### [What you need to do]
Restate word for word the section of the entries that opens at the line containing "Bục phát biểu hội trường thường được thiết" and closes at the line containing "Preston & York", both lines kept, pictures dropped.

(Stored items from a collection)

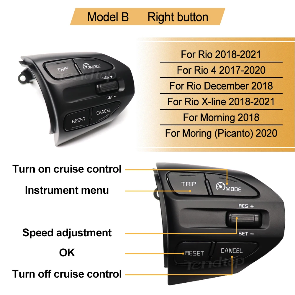 Применение:Модель AДля Rio 2017 2018 2019 год (нужен провод)Для Rio X-line 2017 2018 2019 2020 годДля Rio 5 2020 годДля Kia Stonic 2018 год (нужен Соединительный провод)Для Rio 4 2017 годМодель BДля Rio 2018 2019 2020 2021 годДля Rio 4 2017 2018 2019 2020 годДля Rio December 2018Для Rio X-line 2018 2019 2020 2021 годДля утреннего 2018 годаДля Moring (Picanto)2020 годМодель CДля Rio 2018 2019 годДля Rio 4 2019 годДля Rio X-line 2017 2018 2019 годДля утреннего 2018 года Moring (Picanto)2020 годаДля Rio ikslain, 2019Для Rio August 2018Для Rio luxe red line 2018Для автомобиля Rio red line October 2018Модель DДля Kia Rio 2017-2018Сменный провод (красный провод в этом списке):-Для провода, который был сломан в оригинальной системе рулевого управления,E. g. Провод внутри часового механизма подушки безопасности.-Дополнительный провод, который необходим для провода, которого нет в оригинальной системе рулевого колесаВажное Примечание перед покупкой:1. Правая сторона круизной функции нужна DVD GPS плеер для поддержки. Все функции кнопки переходят к настройке на dvd-плеере.2. Мы гарантируем высокое качество и проверяем, что все хорошо работают перед отправкой. Вы обнаружите, что это лучшее предложение, если вы покупаете. Мы предоставим Вам лучший сервис.3. Единственный способ быть на 100% уверенным, что деталь подойдет вашему автомобилю-это проверить ваш оригинальный номер детали, вы также можете позвонить своему местному дилеру или написать мне о помощи.4. Мы поддерживаем оптовиков. Оптовики имеют большие скидки
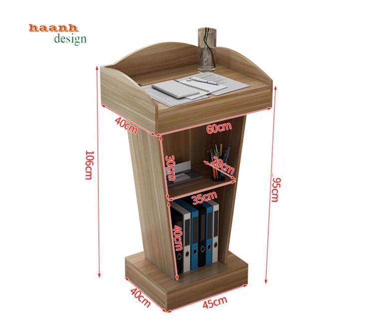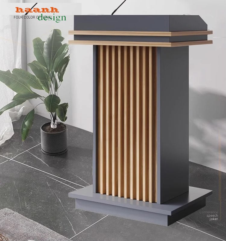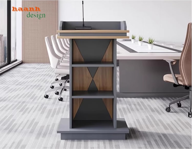 Bục phát biểu hội trường thường được thiết kế với kích thước lớn và có thể chứa được nhiều người đứng trên đó. Với chất liệu gỗ tự nhiên hoặc gỗ công nghiệp, Bục phát biểu hội trường thường được gia công tỉ mỉ và có tính thẩm mỹ cao.
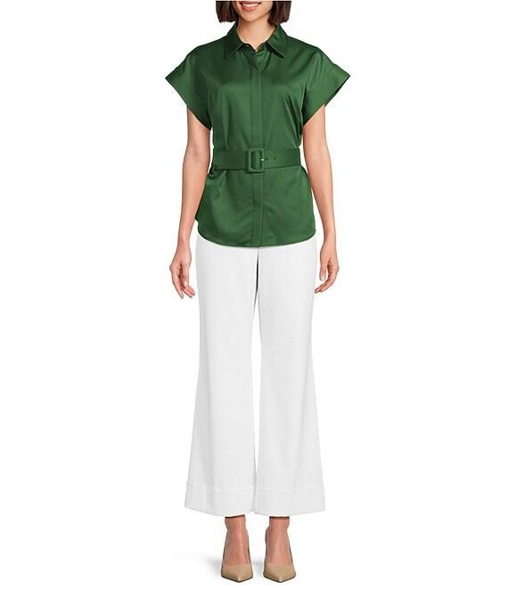 Preston & York Sasha Belted Short Sleeve Point Collar Blouse
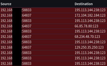 Huh thank you. Now its not like I already have my own NTP instance that I seemingly don’t have the option on the printers for… not sure why I didn’t to look at the destination port frankly 🤷♂️
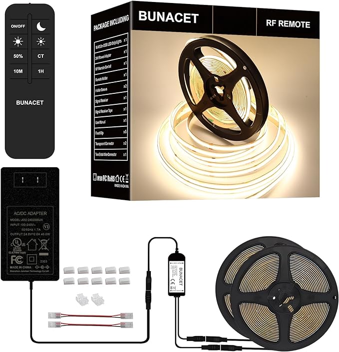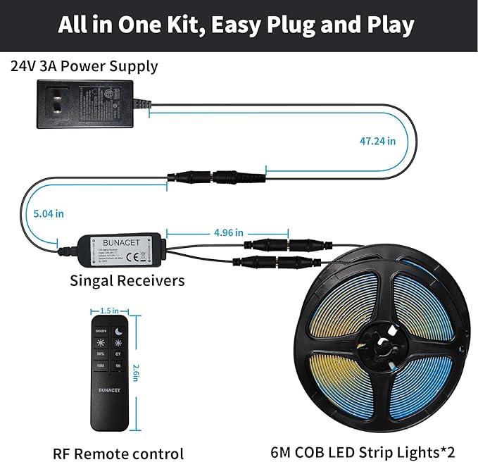 - This COB LED strip light kit includes power adapter, LED light strip, remote control (Need AAA x 2 batteries, NOT INCLUDED), signal receiver and connector etc. It can be installed and used directly, no need to purchase other accessories.
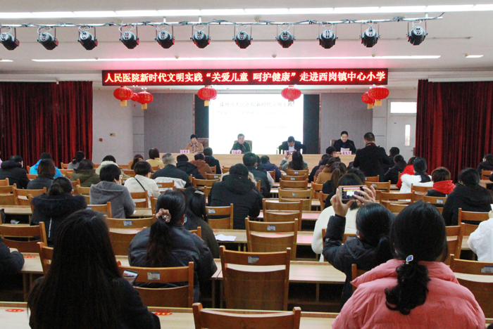 11月26日,我院新時(shí)代文明志愿者“愛護(hù)兒童呵護(hù)健康”宣講團(tuán),走進(jìn)西崗鎮(zhèn)中心小學(xué)。西崗鎮(zhèn)人大主任李運(yùn)海,西崗鎮(zhèn)中心小學(xué)領(lǐng)導(dǎo)班子,我院黨委副書記馬瑞武,工會(huì)、團(tuán)委、宣傳科負(fù)責(zé)人,學(xué)校老師,部分家委會(huì)成員參加活動(dòng)。
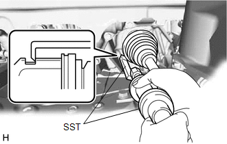 | (a) Using SST, remove the front drive shaft assembly LH. SST: 09520-01011 SST: 09520-20010 09521-02010 09521-02040 09521-02060 NOTICE:
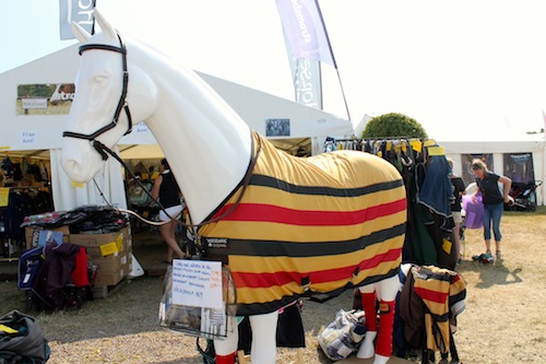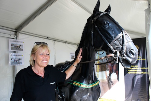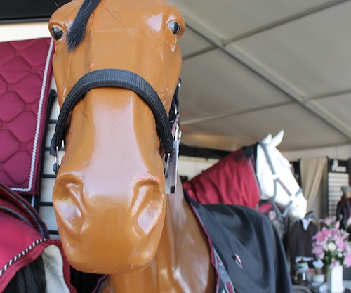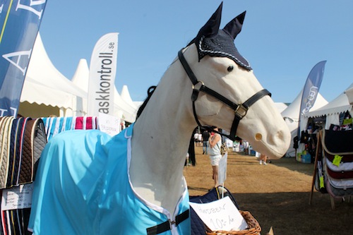 Den här lugna, nästan sävliga, hästen har med sig ett helt gäng med kompisar. Totalt är de fem hästar i samma monter. I måndagens hetta stod de huvud mot svans, men det var dåligt med flugviftande svansar, i allafall under Ridsports besök.
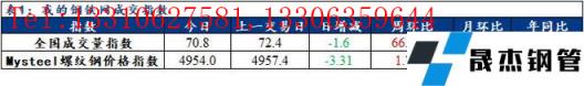 訊:全國建筑厚壁無縫鋼管成交量監測,成交量相對指數來看,全國70.8減1.6,北方34.5減3.4,華東104.9減4.5,南方56.7增2.2。今日螺紋鋼價格指數4954,較上一交易日減3.31。

### [Response area]
 Bục phát biểu hội trường thường được thiết kế với kích thước lớn và có thể chứa được nhiều người đứng trên đó. Với chất liệu gỗ tự nhiên hoặc gỗ công nghiệp, Bục phát biểu hội trường thường được gia công tỉ mỉ và có tính thẩm mỹ cao.
 Preston & York Sasha Belted Short Sleeve Point Collar Blouse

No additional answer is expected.